Par ailleurs, comme je l’ai rappelé plus haut, la défaite de Madame Clinton rappelle que les indicateurs socio-économiques ordinaires de réussite sont désormais un leurre. Notre gauche de gouvernement sera elle aussi écrasée l’an prochain – malgré ses « bons chiffres ». Eh oui, mon bon François. la courbe du chômage baisse, les comptes de la Sécurité sociale sont presque à l’équilibre, « Cela va mieux »,  tous les espoirs te sont permis : tu peux donc te présenter à la primaire de la « Belle Alliance populaire » pour la perdre probablement, et celui qui t’aura battu (Montebourg? Macron? Valls?) perdra lui-même l’élection présidentielle.
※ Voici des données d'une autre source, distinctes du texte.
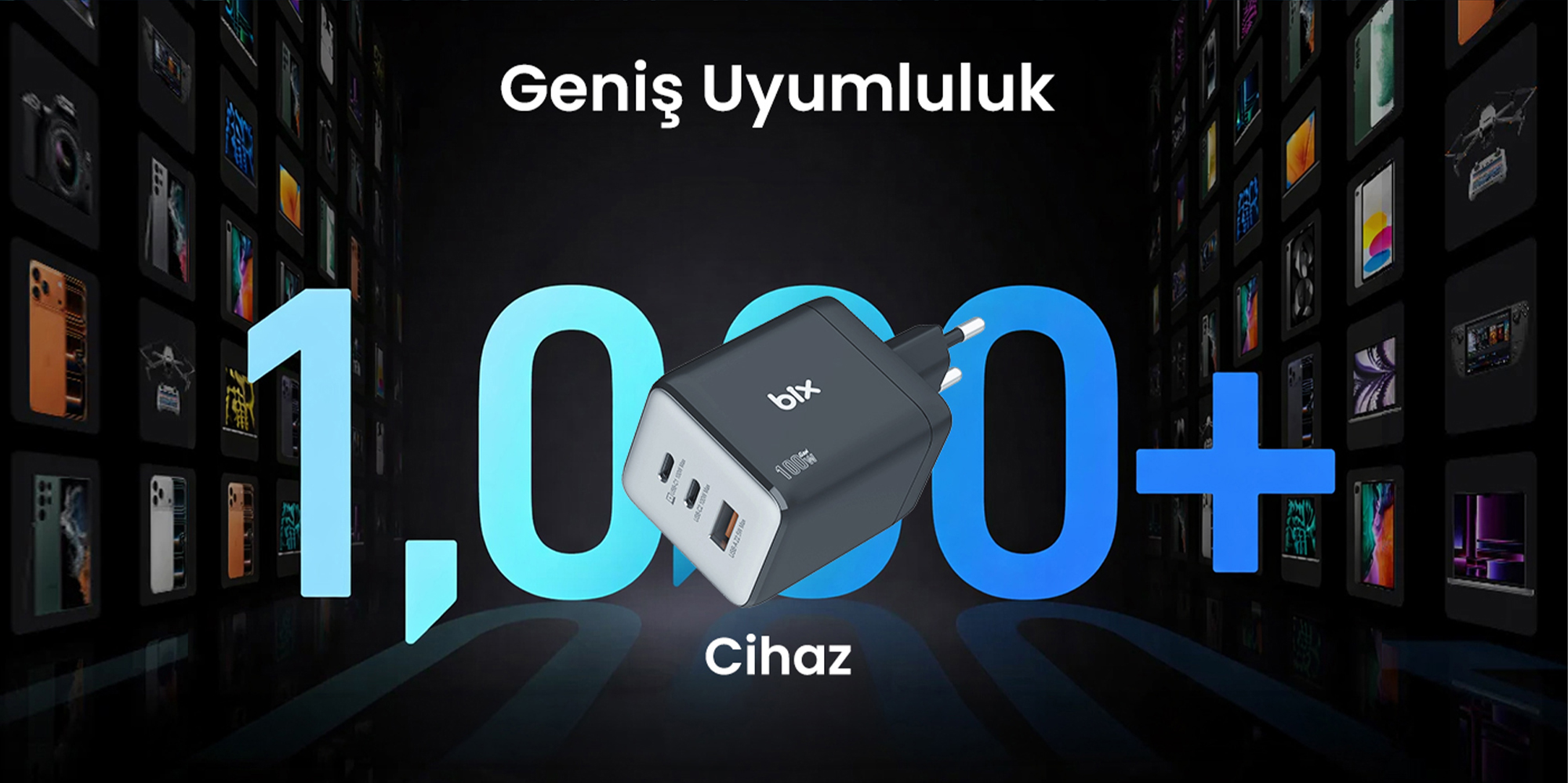 100W’a kadar güç sağlayabilen Bix GaN hızlı şarj cihazı, USB-C PD (Power Delivery) destekli dizüstü bilgisayarlar için idealdir. MacBook, MacBook Air, Dell XPS, Lenovo, HP, ASUS, Huawei MateBook gibi USB-C uyumlu laptopları hızlı ve güvenli bir şekilde şarj edebilir. Bu özellik, iş hayatında ve seyahatlerde dizüstü bilgisayarınızın şarj sorununu çözmenize yardımcı olur.
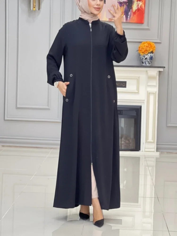 Home / Eid Muslim Party Dress for Women Stand Collar Ramadan Abaya Long Dress Zipper Up Pocket Vestidos Largos Dubai Robe Jalabiya 2024 – AliExpress
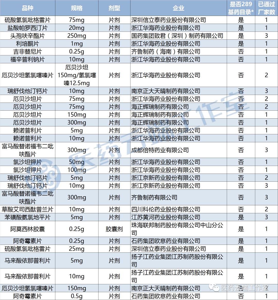 表:通过一致性评价的品种汇总情况表(截止9月10日)
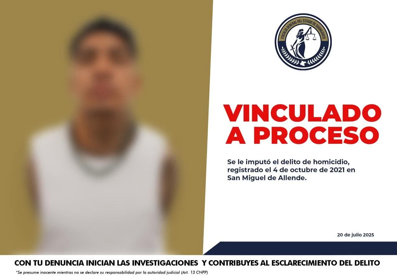 San Miguel de Allende, Gto. (21/7/2025).- Un sujeto identificado como Germán, alias “El Bebé”, ha sido vinculado a proceso por su probable participación en un homicidio cometido en San Miguel de Allende.
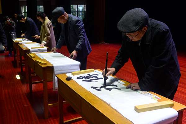 欣赏完螳螂拳表演,书画协会的嘉宾亲笔为本次活动送上了“非遗传承”的祝福,希望我们宝贵的非物质文化遗产能够薪火相传。
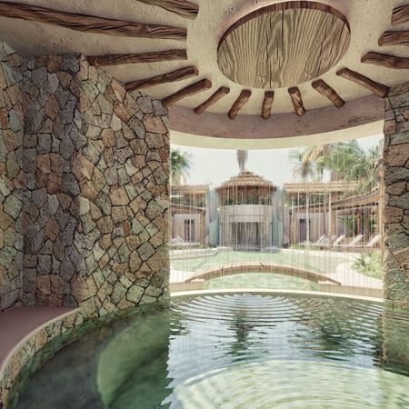 Un concepto de mar interior en el complejo con su alberca con diseño orgánico y arena en la orilla de la misma. Jacuzzi en el área de alberca con cortina de agua para exaltar la experiencia de paz, tranquilidad, relajación.
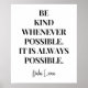 Es ist einfach, uns selbst Ausreden zu machen, aber wir können wirklich, wirklich immer freundlich sein. Manchmal fühlen wir uns vielleicht müde oder traurig und sind nicht so freundlich, aber trotzdem...Freundlichkeit ist immer eine Möglichkeit. Sei nett! Sei so freundlich wie möglich. Es ist immer möglich - Dalai Lama
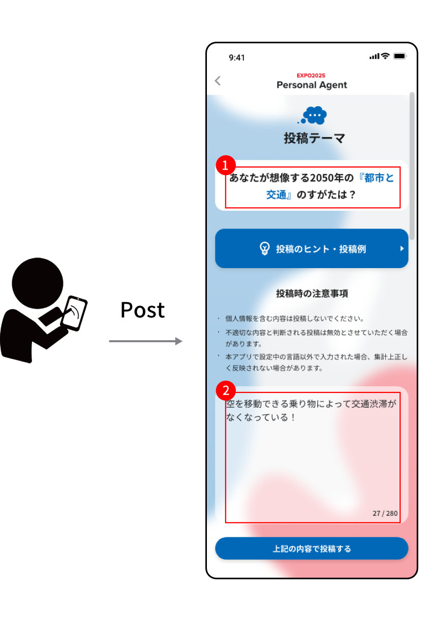 Personal Agent will facilitate an efficient and enjoyable experience tailored to individual visitors in conjunction with venue conditions and personal preferences and circumstances. The Personal Agent will aid visitors, creating the optimal experience for them, facilitating efficient movement between exhibits, creating an advanced experience, and contributing to visitor satisfaction. We will also guide you through exhibits and suggest enjoyable ways to spend your day according to your interests, whether you are a first-time visitor or a frequent visitor to the Expo.

Anticipant sans doute cette issue, une Dominique Méda pousse un cri de colère dans un article du Monde en remontant le fil des erreurs de la gauche jusqu’en 1983, et en allant jusqu’à regretter l’élection de F. Hollande en 2012 qui n’a fait qu’empirer les choses pour la gauche française. De fait, il faut bien  constater en effet qu’il n’est plus temps de renverser la vapeur. En ce début du mois de novembre 2016, le temps manque pour prouver aux électeurs des classes populaires et moyennes que la gauche de gouvernement peut vraiment faire quelque chose pour eux. Ce n’est pas un petit avantage social par là, et une petite baisse d’impôt direct par là, qui changera quelque chose à l’image déplorable de changement qui n’est décidément pas pour maintenant qu’a donné la présidence Hollande depuis 2012. Ce n’est pas après avoir fait voter une « Loi travail » contre la volonté des deux des principaux syndicats de salariés (la CGT et FO) et des centaines de milliers de manifestants que cette gauche de gouvernement-là risque de séduire de nouveau le bon peuple. De même, après huit années de « Yes We Can », une bonne part des classes moyennes inférieures et classes populaires nord-américaines en a conclu qu’il n’y avait rien à attendre de ce côté-là de l’échiquier politique. Ce fut donc l’abstention ou le vote Trump. En France, les électeurs ne croiront jamais non plus qu’un représentant de cette gauche de gouvernement qui les a tant et tant trahis dans leurs espoirs depuis le début des années 1980, et encore plus depuis 2012 va être là pour eux. Certains espéreront certes que Mélenchon, séparé du PS depuis 2008 et clairement à l’extérieur de BAP, ou Montebourg ou Hamon au sein du PS et donc à l’intérieur de la BAP,  relèveront le flambeau de la gauche qui sait parler aux classes populaires. Je n’y crois guère parce qu’aucun d’entre eux ne dispose d’une vraie base locale ou  d’un modèle étranger pour exemplifier et crédibiliser ce qu’ils veulent faire, et qu’ils restent en plus divisés sur le statut de l’Union européenne. Et surtout, à en juger par les dernières élections locales, la gauche est de toute façon devenue très minoritaire dans le pays. Une remontée subite de cette dernière en 2017 défierait vraiment toutes les tendances à l’œuvre depuis 2012. Peut-on être de gauche, donc rationaliste, et croire aux miracles?

Du coup, qu’en sera-il de cette prochaine élection présidentielle? Comment un électeur de gauche va-t-il faire pour choisir au second tour entre la Peste xénophobe d’une Le Pen et le Choléra néo-libéral d’un Juppé, Sarkozy ou Fillon? Les candidats les plus probables de la droite sont en effet à ce stade de la campagne des primaires de la droite presque parfaitement « anti-sociaux » dans leurs propositions économiques. Certes Sarkozy va se précipiter in extremis de la campagne des primaires de la droite pour faire du Trump en prônant le protectionnisme de manière outrancière, mais avec quelle crédibilité auprès des électeurs auquel il a déjà chanté ce refrain entre 2007 et 2012? Il y a une droite républicaine  tenant un tel discours (N. Dupont-Aignan, et H. Guaino), mais justement, elle n’a pas son champion crédible au sein même de la primaire de la droite.  Certes le candidat investi de la droite peut changer de discours pour la campagne présidentielle, mais cela lui sera difficile d’être crédible. Au total, cela veut dire que le candidat de la droite républicaine va être dépourvu face à une candidate FN qui pourra appuyer à l’envie sur cet aspect. J’en ris jaune d’avance. Et là, franchement, je crois que je vais essayer de me préparer moralement au pire.